I carefully bend down so that I'm facing the cabinet under the sink. I let my hands skim across the wood until they reach the knob. I open the cabinet and reach in so that my arm is almost completely inside of the small cabinet. My fingers touch something small and metallic. I quickly pick up the item and stand back up.
The razor feels like it weighs a ton as I hold it. I pull the sleeve of my shirt up and hold the razor against my arm. I can feel the metal pressing against my skin. It is cold and enticing. My arm begs for me to let it feel the sweet relief of a fresh cut.
My hand is shaking as I hesitate. I want to do it. I want to feel the razor slide across my skin. So, why can't I do it? Why am I hesitating? I've done this before and I can do it again? My hand is shaking rapidly. I can hear Caleb's voice in the back of my mind telling me not to cut. I want to shut it out but I can't. The voice just becomes louder and louder. I can't take it anymore. I throw the razor away from me and lean against the bathroom door. The voice is silent. My head is in my heads and I cry silently.
Rather that trying to cut again, I leave the bathroom, skimming my hand against the wall as I walk and go back to sleep.
      +++++++++++++++++++++++++++

     My phone rings, snapping me out of my reverie and I take it out of my pocket. I can't see who's calling due to my vision being blurry, so I just answer it. "Hello?"
"Well hello cutie." At the sound of Mason's voice, my blood runs cold. "How did you get my number," I ask. Even I can hear the fear in my voice. There's no doubt that Mason is enjoying the sound of it. Regardless of his clear amusement, he answers. "Well that doesn't matter right now cutie. I have a message for you."
My heart stops and my hand shakes as I hold the phone. The last time Mason related a 'message' to me, my dad showed up. I can only imagine what he'll say this time. I breathe deeply. "What is it?"
"Come meet me at Holland Avenue at 11:30. That is if you want your brother back." My breath hitches at the sound of Caleb's name. "Caleb," I whisper. Mason chuckles.

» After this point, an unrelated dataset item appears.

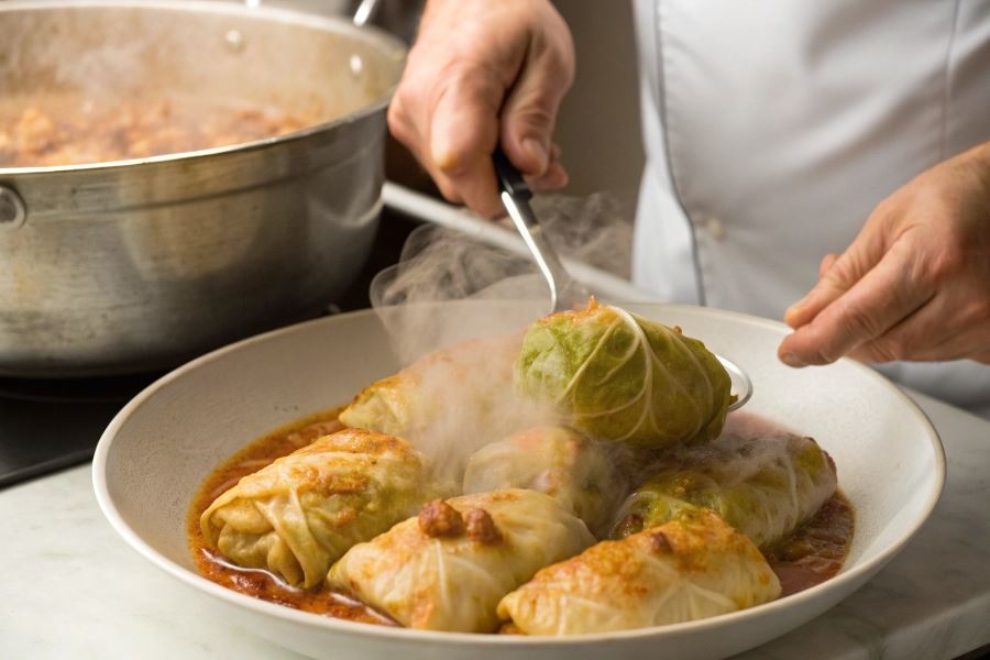 Dekorując talerz, postaw na kontrasty kolorystyczne – czerwony sos pomidorowy, zielone zioła i biała śmietana tworzą apetyczny wygląd. Na rodzinny obiad podawaj gołąbki w głębokim naczyniu z sosem, a na przyjęcia – pojedynczo na talerzach z artystycznie ułożonymi dodatkami i kleksem gęstej śmietany.
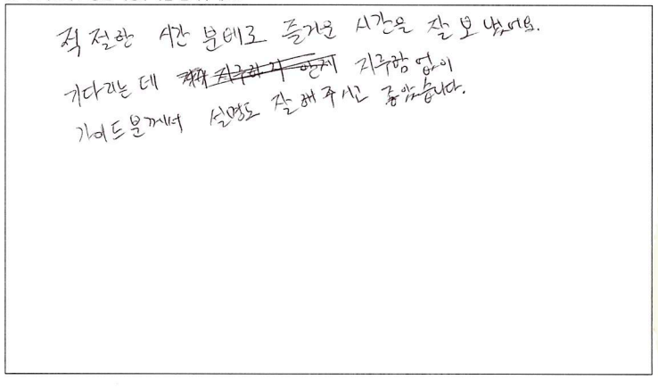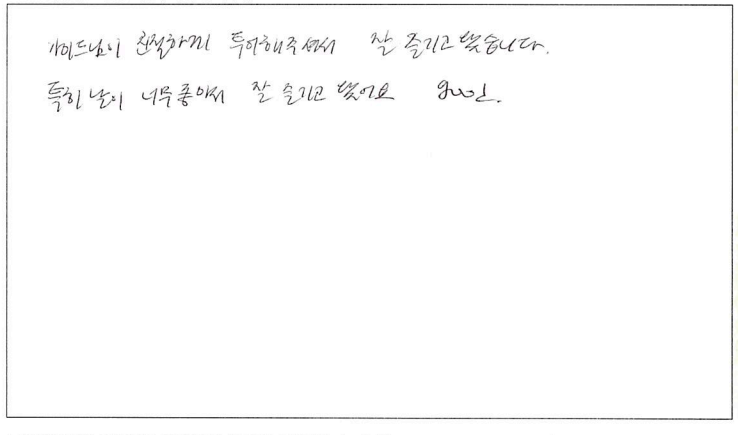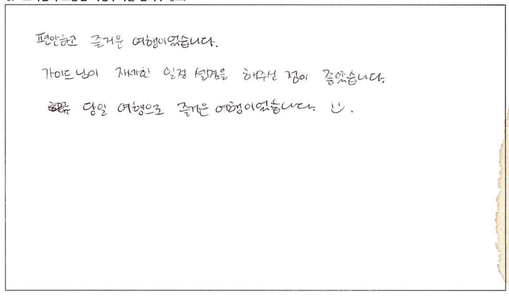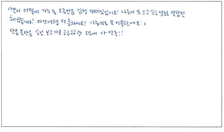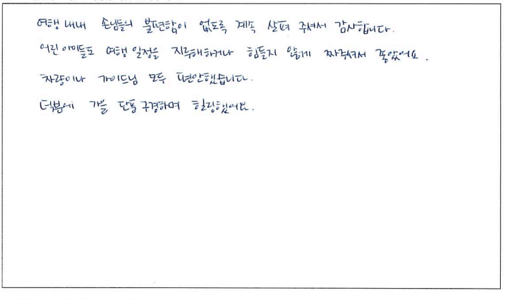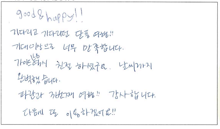 ![]() 하루라는 짧은 시간안에 알차게 여행한 것 같아 만족스러운 여행이었어요.^^ 여행코스도 좋았고 무엇보다 가이드님이 차량 온도 부터 이러저러한 안내까지 세세하게 신경써주셔서 여행 시작부터 마지막까지 불편합없이 여행할 수 있었습니다. 좋은 추억 만들고 갑니다. 감사합니다. ^^ ![]() 자유시간도 적당하고 좋았다!! 대중교통으로는 오기 어려운 곳이어서 패키지를 이용해 봤는데 너무 만족해서 추천하고 싶다. ![]() 파란여행을 총해 3번째 여행입니다. 최선을 다 하시는 가이드님께 감사드리고 귀 여행사를 통해 미국, 캐나다 곳곳을 여행하며 귀하고 행복한 추억 많이 만들어서 한국으로 돌아가겠습니다. ![]() 가이드분이 친절하게 불편함이 없도록 하기 위하여 무단히 노력하시는게 눈에 보일정도 입니다. 너무 친절하게 잘 대해 주셔서 불편함이 하나도 없었습니다. 고맙습니다. ![]() 적절한 시간 분배로 즐거운 시간을 잘 보냈어요. 기다리는데 지루함 없이 가이드분께서 설명도 잘 해주시고 좋았습니다. ![]() 세번째 파란여행 알곤퀸 여행이었어요. 올때마다 구성이 알차서 지인들에게 추천하게 되는 거 같아요. 가성비 갑이에요. 감사합니다. ![]() 편안하고 즐거운 여행이었습니다. 가이드님이 자세한 일정 설명을 해주신 점이 좋았습니다. 당일 여행으로 즐거운 여행이었습니다. ![]() ![]() 코스 및 가이드님 안내 모두 만족합니다. 수고하셨습니다~ ^^* ![]() 코스별로 여유있는 개인 시간을 넉넉히 배분하신 점에 매우 만족합니다. 무스코카에서 헌츠빌로 일정을 잡아주신것도 쉬어가는 편안함을 주신 것으로 만족하고 마지막 돌셋에서 단풍을 하이라이트로 즐기게 되어서 좋은 여행이었습니다. 감사합니다. ![]() 가이드님이 친절하게 투어해주셔서 잘 즐기고 왔습니다. 특히 날씨 너무 좋아서 잘 즐기고 왔어요.Good! ![]() Good & Happy!! 기다리고 기다리던 단풍여행!! 기대 이상으로 너무 만족합니다. 가이드님 역시 친절하셨구요. 날씨까지 완벽했습니다. 파란과 3번째 여행!! 감사합니다. 다음에 또 이용하겠어요!! ![]() 여행 내내 손님들의 불편함이 없도록 계속 살펴 주셔서 감사합니다. 어린 아이들도 여행 일정으로 지루해 하거나 힘들지 않게 짜주셔서 좋았어요. 차량이나 가이드님 모두 편안했습니다. 덕분에 가을 단풍 구경하며 힐링했어요. ![]() 시간이 어떻게 가는 줄 모를만큼 엄청 재미있었어요! 나중에 또 오고 싶을 정도로 알찼던 투어였습니다! 파란여행 더 흥하세요! 나중에도 또 이용할께요. :) 단풍 볼 만큼 실컷 보고가요. 모든게 다 만족!! ![]() 증기유람선 - 헌츠빌 -알곤퀸 공원까지 알차고 효율적인 1일 코스 였습니다. 감사합니다. ![]() ![]() ![]() ![]() ![]() |

"Yes. I don't want to see any cops or that boy toy of yours, Mike." I scowl at how he refers to Mike being a 'boy toy', but I let him continue. "If I see anyone with you or if you tell anyone about our meeting, let's just say that Caleb won't exactly make it to see Morning." My chest is tight. I can't just leave Mike without a word. Seeing Mason is dangerous on its own, but I know for a fact that he will take me to my dad. Unless he just wants to use me as his personal punching bag. I shiver at the thought.
"And if I don't meet you," I ask. "What happens then?"
"Caleb dies," he replies automatically. Sweat beads down my face. I'm at a real disadvantage. Either way I put it, Caleb is in trouble. My decision is stupid but I can't just leave Caleb to die. "Okay," I say. "I'll come."